• _TO DO_
Please output every entry below exactly as written, leaving out any pictures.
++++ SUPPLIED MATERIAL
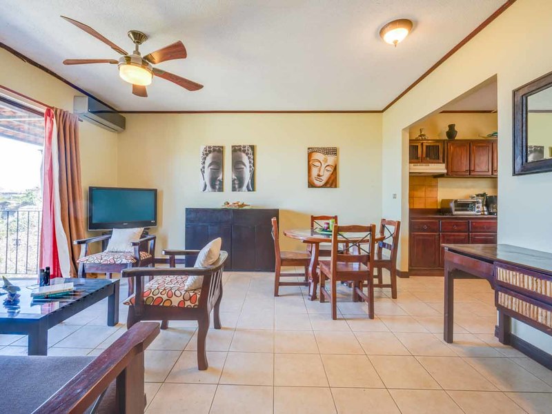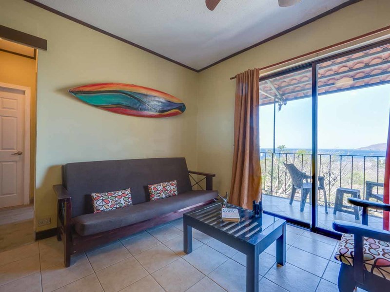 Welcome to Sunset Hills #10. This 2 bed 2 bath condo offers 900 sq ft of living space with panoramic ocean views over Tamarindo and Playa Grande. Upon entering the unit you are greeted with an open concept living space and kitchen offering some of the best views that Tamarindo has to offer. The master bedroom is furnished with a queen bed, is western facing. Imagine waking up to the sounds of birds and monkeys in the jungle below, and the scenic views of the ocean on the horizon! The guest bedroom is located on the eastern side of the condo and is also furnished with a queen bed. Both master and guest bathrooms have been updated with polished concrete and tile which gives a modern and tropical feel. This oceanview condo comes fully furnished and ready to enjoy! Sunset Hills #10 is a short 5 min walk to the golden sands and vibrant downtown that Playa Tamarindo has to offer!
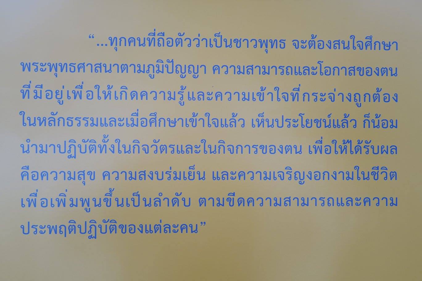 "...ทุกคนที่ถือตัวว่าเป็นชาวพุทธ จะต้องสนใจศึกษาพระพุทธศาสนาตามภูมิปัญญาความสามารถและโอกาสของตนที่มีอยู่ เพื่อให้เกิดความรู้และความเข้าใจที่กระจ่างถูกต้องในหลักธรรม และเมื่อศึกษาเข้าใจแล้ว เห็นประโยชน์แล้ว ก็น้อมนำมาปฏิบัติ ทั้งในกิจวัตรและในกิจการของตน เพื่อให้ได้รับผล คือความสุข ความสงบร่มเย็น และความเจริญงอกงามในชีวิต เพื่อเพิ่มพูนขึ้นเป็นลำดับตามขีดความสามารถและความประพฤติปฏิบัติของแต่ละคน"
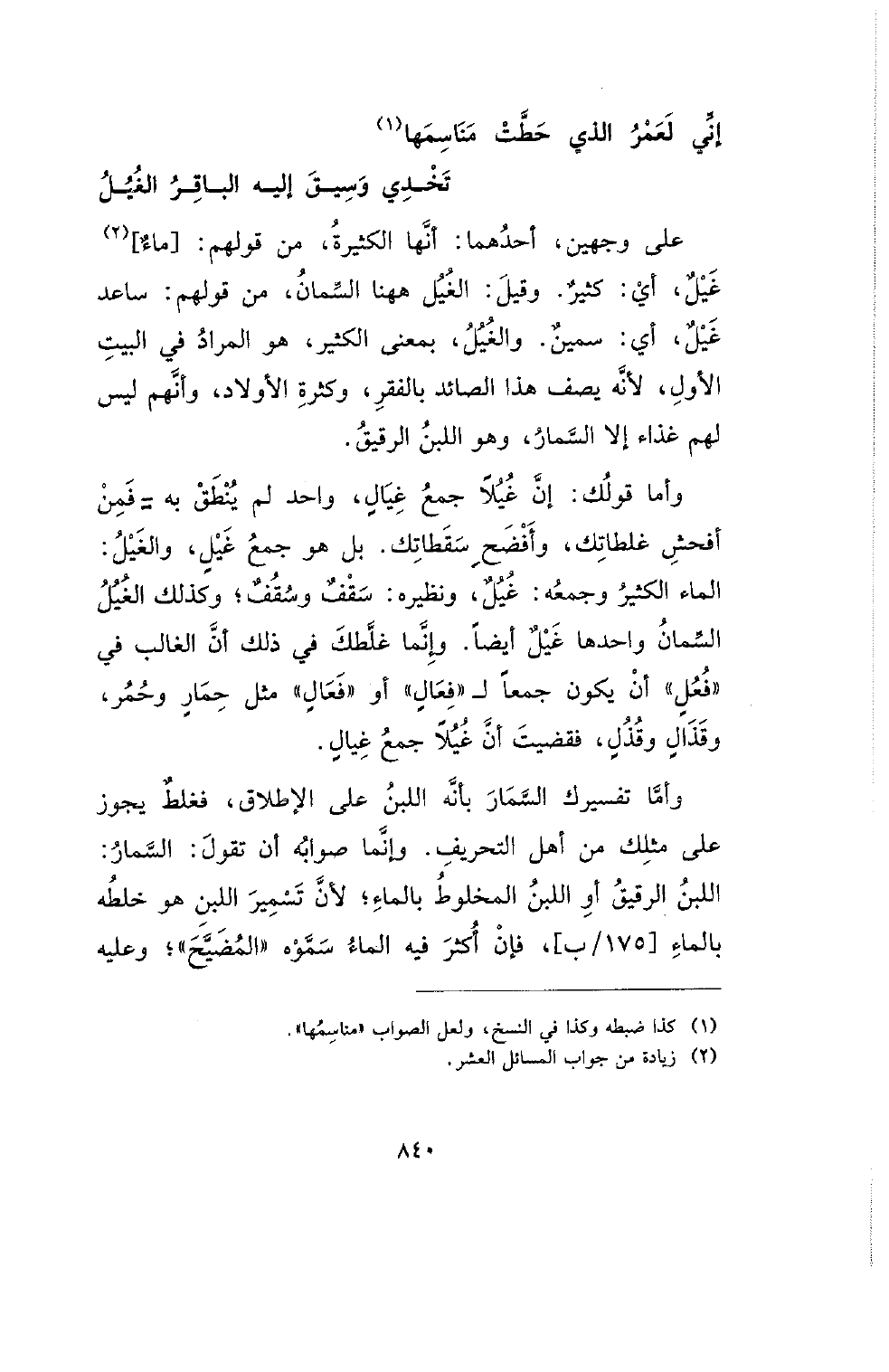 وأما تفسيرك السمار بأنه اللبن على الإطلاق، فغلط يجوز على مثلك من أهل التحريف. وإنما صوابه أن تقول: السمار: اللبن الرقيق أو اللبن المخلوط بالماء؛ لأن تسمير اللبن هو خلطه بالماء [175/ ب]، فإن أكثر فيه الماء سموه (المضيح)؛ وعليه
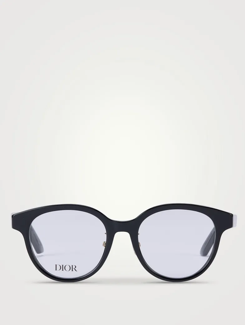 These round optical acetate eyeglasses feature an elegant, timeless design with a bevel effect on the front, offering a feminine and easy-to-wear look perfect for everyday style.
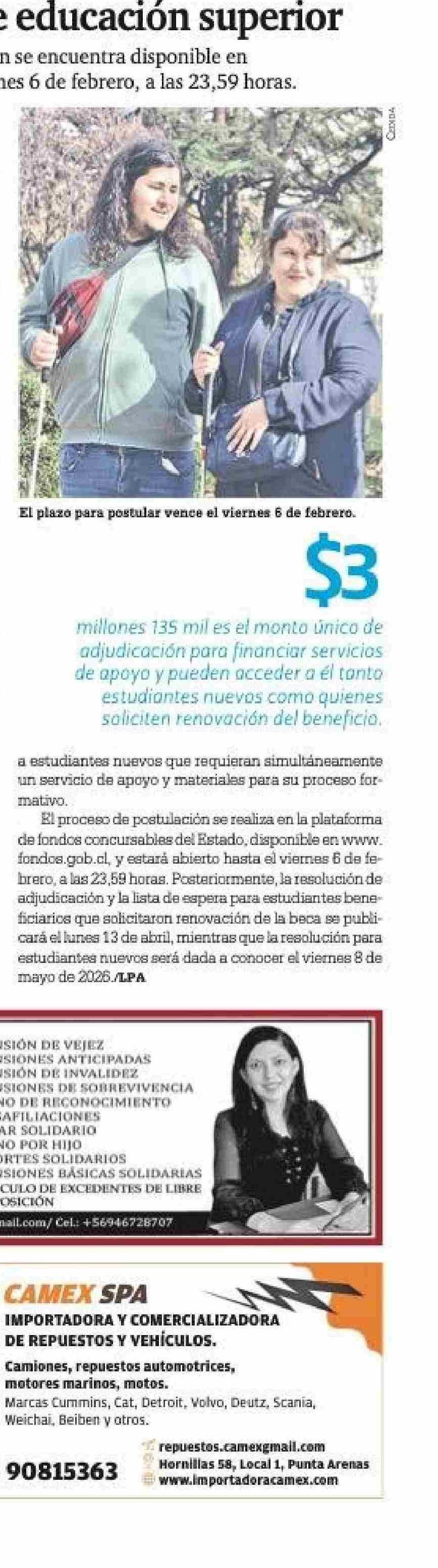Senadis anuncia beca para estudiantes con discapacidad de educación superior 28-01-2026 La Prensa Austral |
++++++++
• _YOUR RESPONSE_
 Welcome to Sunset Hills #10. This 2 bed 2 bath condo offers 900 sq ft of living space with panoramic ocean views over Tamarindo and Playa Grande. Upon entering the unit you are greeted with an open concept living space and kitchen offering some of the best views that Tamarindo has to offer. The master bedroom is furnished with a queen bed, is western facing. Imagine waking up to the sounds of birds and monkeys in the jungle below, and the scenic views of the ocean on the horizon! The guest bedroom is located on the eastern side of the condo and is also furnished with a queen bed. Both master and guest bathrooms have been updated with polished concrete and tile which gives a modern and tropical feel. This oceanview condo comes fully furnished and ready to enjoy! Sunset Hills #10 is a short 5 min walk to the golden sands and vibrant downtown that Playa Tamarindo has to offer!
 "...ทุกคนที่ถือตัวว่าเป็นชาวพุทธ จะต้องสนใจศึกษาพระพุทธศาสนาตามภูมิปัญญาความสามารถและโอกาสของตนที่มีอยู่ เพื่อให้เกิดความรู้และความเข้าใจที่กระจ่างถูกต้องในหลักธรรม และเมื่อศึกษาเข้าใจแล้ว เห็นประโยชน์แล้ว ก็น้อมนำมาปฏิบัติ ทั้งในกิจวัตรและในกิจการของตน เพื่อให้ได้รับผล คือความสุข ความสงบร่มเย็น และความเจริญงอกงามในชีวิต เพื่อเพิ่มพูนขึ้นเป็นลำดับตามขีดความสามารถและความประพฤติปฏิบัติของแต่ละคน"
 وأما تفسيرك السمار بأنه اللبن على الإطلاق، فغلط يجوز على مثلك من أهل التحريف. وإنما صوابه أن تقول: السمار: اللبن الرقيق أو اللبن المخلوط بالماء؛ لأن تسمير اللبن هو خلطه بالماء [175/ ب]، فإن أكثر فيه الماء سموه (المضيح)؛ وعليه
 These round optical acetate eyeglasses feature an elegant, timeless design with a bevel effect on the front, offering a feminine and easy-to-wear look perfect for everyday style.
Senadis anuncia beca para estudiantes con discapacidad de educación superior 28-01-2026 La Prensa Austral |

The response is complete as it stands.